Beethoven Egmont, Hummel Trumpet Concerto, Mendelssohn Symphony No 3 Scottish
Havant Chamber Orchestra, Ferneham Hall, Fareham, Hampshire
Dare I say it? Well, why not? The Havant Chamber Orchestra’s performance of Mendelssohn’s Scottish symphony was more heart-warming and uplifting than the London Symphony Orchestra’s at Portsmouth Guildhall in March.
The LSO is technically in a different league, of course, but its diamond-hard attack bordered on the soulless. The HCO, conducted by Robin Browning, played with humanity – occasionally fallible but with evident feeling for melody and harmony. Beginning … with a Beethoven overture, the playing was much tighter from the start, with the conductor achieving a fine balance between discipline and expressiveness.
This concert brought the HCO’s season to a compelling, stirring end.
Beethoven Pastoral Symphony
Havant Chamber Orchestra, Ferneham Hall, Fareham, Hampshire
Beethoven’s sixth symphony, the Pastoral, was also conducted in masterly style by Robin Browning. This work can seem to go on forever, but in his hands it pulsed with life. Never seeming to rush, Browning allowed time for affectionate phrasing while keeping the music moving purposefully. His masterful conducting ensured character and clarity were maintained through precise balancing.
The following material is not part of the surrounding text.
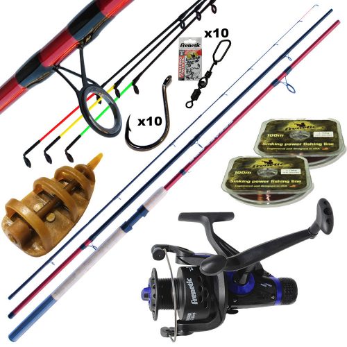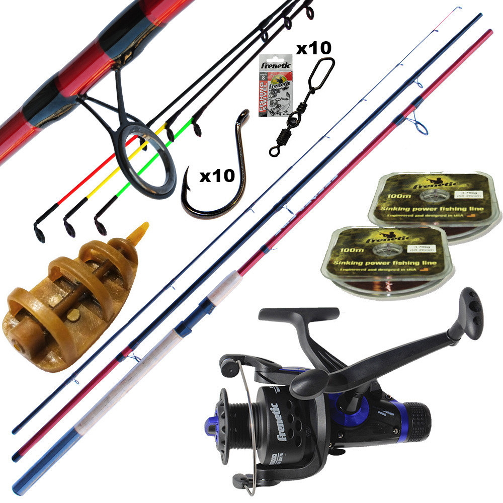A szett tartalmaz egy rendkívül strapabíró botot ( Frenetic Fire Feeder 3,6m 180gr ) és egy 60-s nyeletőfékes 2csapággyal és multistoppal ellátott orsót( Frenetic Easy Runner ).199méter 0,20zsinórt ( Frenetic) , egy etetőkosarat,egy csomag horgot ( Frenetic) és egy csomag forgókapcsot.

Brahms Serenade No 1, Mozart Clarinet Concerto (soloist Nicholas Cox), Pärt Cantus in Memoriam Benjamin Britten
Milton Keynes City Orchestra, The Venue, Walton High
Milton Keynes City Orchestra introduced new talent to Milton Keynes on Friday night with their Bold and New performance at The Venue, Walton High […] The finale of the evening was a rarely played Brahms Serenade in six movements that held the audience on the edge of their seats […]MKCO Chairman Marian Livingstone said, “Robin took charge on Friday night and really owned the stage with the Orchestra. He worked effortlessly with Nicholas [Cox] who gave a world class performance and he also gave the audience tremendous value for money with his carefully crafted programme in this new auditorium.”
Dvorak Symphonic Variations, Vaughan Williams Symphony No 5 in D
Petersfield Orchestra, Petersfield Festival Hall
Robin Browning conducted a performance of great freshness and warmth which displayed Dvorak’s mastery of the orchestra to the full. […] [He] built the great climaxes with care and purpose. Phrases and tempi were moulded affectionately, always sounding spontaneous. The climax of the slow movement was sublime and built with shattering power, and the gentle urgency of the Passacaglia and the stillness of the epilogue were breathtaking. […] This was a spacious, concentrated reading from Robin Browning, which combined evocative atmosphere with emotional involvement. The warmth and poetry of the work was splendidly caught. Thank you Petersfield Orchestra and Robin Browning: this performance will long remain in the memory of this reviewer.